A final echocardiogram showed an image compatible with a scarring injury in place of the old vegetation. Abdominal ultrasound showed only hepatomegaly with no other alterations of the parenquima or focal lesions of the liver. Examination of the retina showed no fungal injury, with only retinopathy of prematurity (II degree). The brainstem evoked response audiometry (BERA) was normal. Laboratory tests showed normalization of platelet and leukocyte counts, improved levels of liver transaminases, remaining only high direct bilirubin, clinically expressed by cholestasis and still present at discharge. The patient was hospitalized for 126 days, with 50 days of mechanical invasive ventilation, 13 days of mechanical non-invasive ventilation and 35 days of supplemental oxygen. The weight at discharge was 2180 g, with no need for supplemental oxygen.
Discussion
In this case, there were various risks factors for developing invasive candidemia, such as prematurity, low birth weight, use of broad spectrum antibiotics, full parenteral nutrition and central venous catheters.
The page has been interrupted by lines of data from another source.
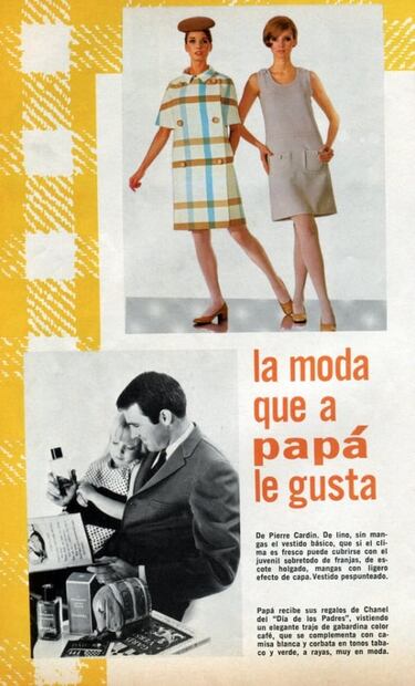 En los años sesenta y setenta, algunas marcas de ropa de mujeres publicaban anuncios donde se decía que ciertos vestidos serían “la moda que le gustaba a papá”. En el anuncio de 1969, con fondo amarillo, se puede leer que él recibía sus regalos vestido “a la moda”, con un traje “muy elegante” de gabardina, camisa blanca y corbata. Colección Carlos Villasana.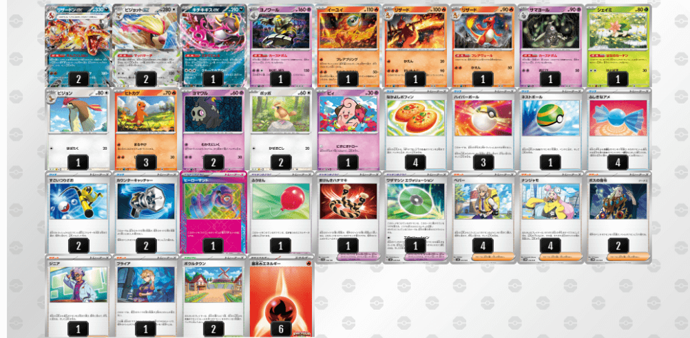 悪リザードンexデッキは、特性「れんごくしはい」による一度の進化で基本炎エネルギーを3枚加速できる、展開力に優れた構成です。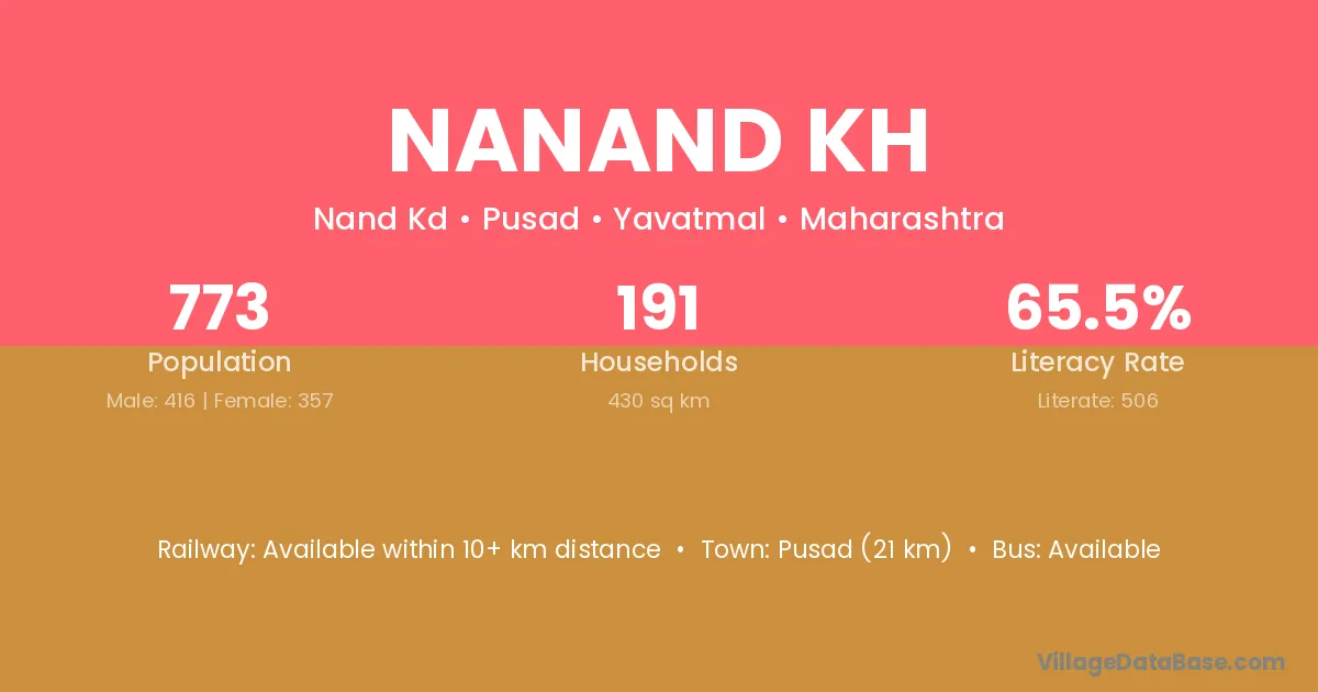 Pusad (21 km) is the nearest town to Nanand Kh village for major economic activities and is located approximately 21 km away.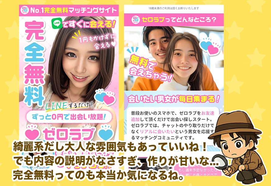 ゼロラブとは、LINEを使ってやり取りする完全無料をうたった出会い系のマッチングサイトと紹介されているね。

Endocarditis remains an unusual complication of an invasive fungal infection. Exclusive clinical treatment with no surgery has been reported to be effective in an adult (caspofungin and voriconazole) 8 and, in one case, in a VLBW neonate (amphotericin-B and fluconazole). 9 Novel antifungal agents such as echinocandins (caspofungin) and second generation triazoles (voriconazole) have been recently introduced as treatment in life-threatening or refractory cases. Caspofungin has fungicidal activity, inhibiting B13D glucagon synthesis in the cell wall, a target present at the fungal cell and has shown excellent activity against Candida biofilm. It also has been reported to be a very safe drug in a study with 25 pediatric oncological patients, exhibiting, however, a poor penetration through uninflamed meninges and ocular vitreous. Voriconazole has a good distribution into brain, lungs, kidney, liver and spleen, demonstrating fungistatic activity, and described successfully in association with caspofungin for treatment of amphotericin-B non-responsive candidemias.10,11 Association of these drugs has not been reported in premature newborns, but we decided to try it because of the persistence of fungemia and absence of clinical improvement with amphotericin-B and fluconazole, monotherapy with voriconazole and the replacement of the central venous catheter.
We concluded that the combined treatment with caspofungin and voriconazole was effective in this Candida parapsilosis sepsis complicated by mural endocarditis, and showed no demonstrable adverse effects.
Footnotes
The authors report no conflicts of interest.